Table 1. Time cost of each operation in scholarship review
Table 2. zk-SNARK module performance

5 Conclusion

This paper introduces a privacy-preserving educational credentials management scheme that leverages decentralized identifier and zero-knowledge proof. The scheme allows educational institutions to issue versatile educational credentials in an efficient manner by standardizing and managing credential templates. These credentials are structured as commitments, tied to specific decentralized identifiers, and stored on a blockchain. Students simply register a DID and can share their educational credentials directly with any supported educational institution or verifier. Building on this, by integrating zero-knowledge proofs with Merkle tree membership proofs, it can be demonstrated that the attributes of the blockchain-stored educational credential satisfy certain predicates. The verifier can cross-check the Merkle tree root and verification path provided by the student against the blockchain to ensure authenticity.

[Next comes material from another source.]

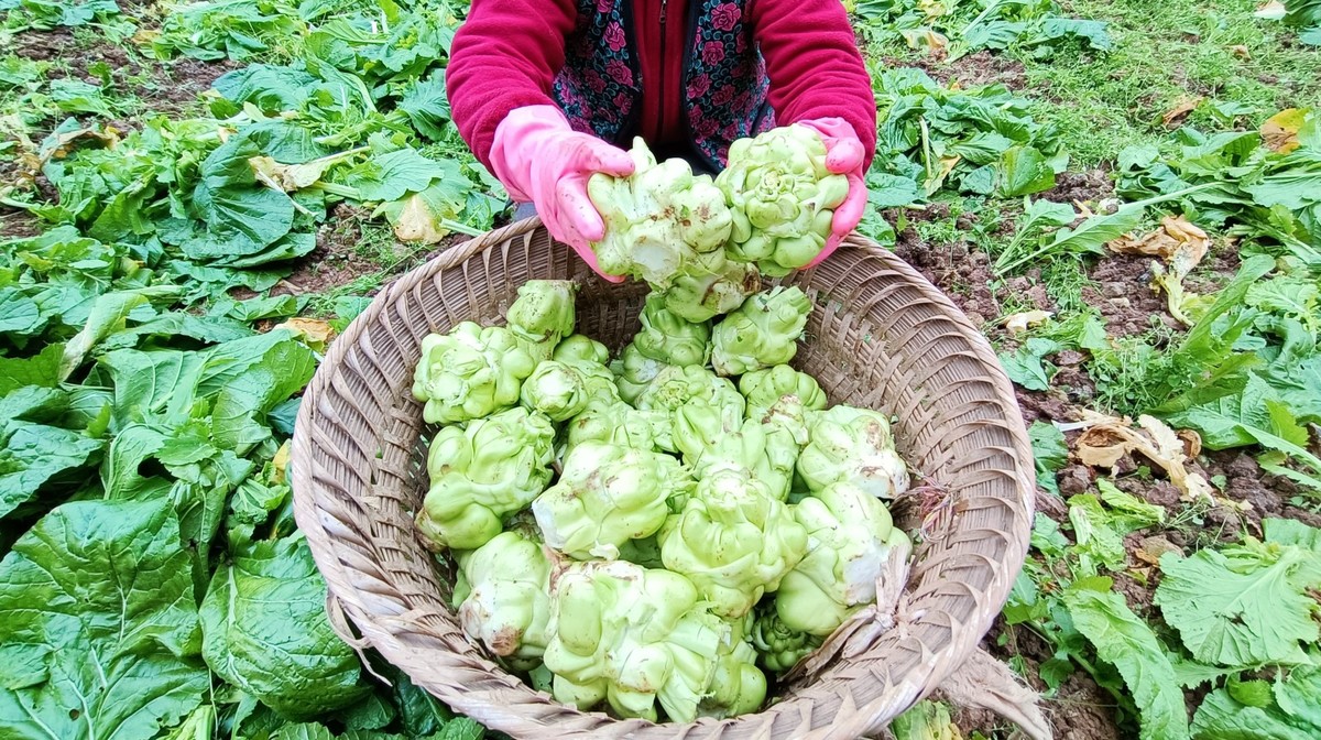 “蔬菜种植周期短、见效快,很好地提高了土地利用率,有效促进了农民增收。春节一过,老百姓早早就谋划起今年的收成,劲头十足。”忠孝乡党委书记周勇介绍,全乡多零散地块,非常适宜种植季节性蔬菜。目前常年种植高芥酸油菜2万余亩,优质南瓜6000余亩,不仅发展有榨菜,还发展了青菜、小米椒、豇豆等多种蔬菜产业。“今年全乡榨菜总产量预计能达到7000吨左右,等榨菜收割完后,将组织农户开足马力备春耕,确保下一季蔬菜种植丰产又丰收。”

We have implemented and deployed a prototype system of this scheme on a consortium blockchain, and have evaluated its performance. Experimental results indicate that the privacy-preserving educational management system based on zero-knowledge proofs has significant practicality and application potential. In future work, we aim to develop a secure credential backup mechanism to maintain data integrity in case of an identity wallet failure. Additionally, we plan to employ more advanced cryptographic primitives to optimize the performance of the zero-knowledge proof module, balancing proof size, computational cost, and verification cost for broader applicability in educational contexts.